*** Given records ***

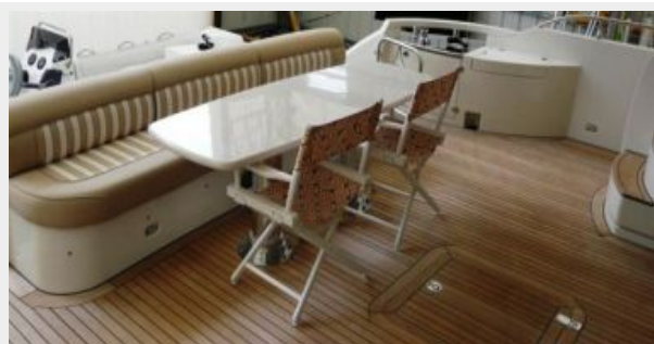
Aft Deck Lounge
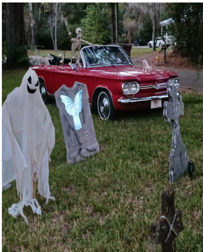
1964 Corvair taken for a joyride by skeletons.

*** End of Given records ***
*** Given records ***

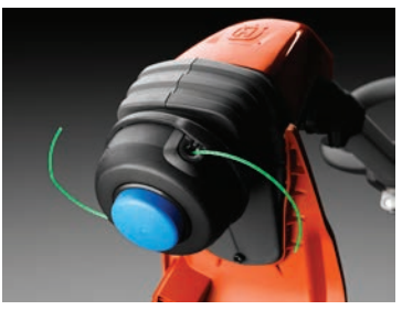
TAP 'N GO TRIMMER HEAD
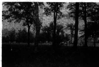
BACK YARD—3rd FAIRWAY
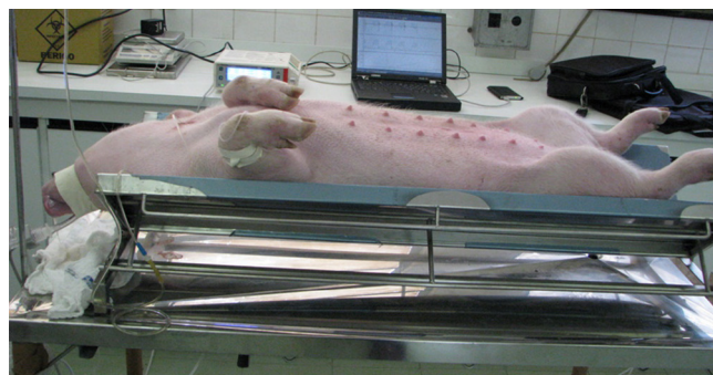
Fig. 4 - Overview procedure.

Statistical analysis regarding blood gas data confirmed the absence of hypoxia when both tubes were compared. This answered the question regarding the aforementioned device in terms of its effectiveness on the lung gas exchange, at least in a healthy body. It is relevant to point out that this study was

*** End of Given records ***

__Task requirements__:
Of the lines above, quote exactly those from the one with "Aft Deck Lounge" through the one with "1964 Corvair taken", ends included; pictures stay out.

__Task result__:
Aft Deck Lounge
1964 Corvair taken for a joyride by skeletons.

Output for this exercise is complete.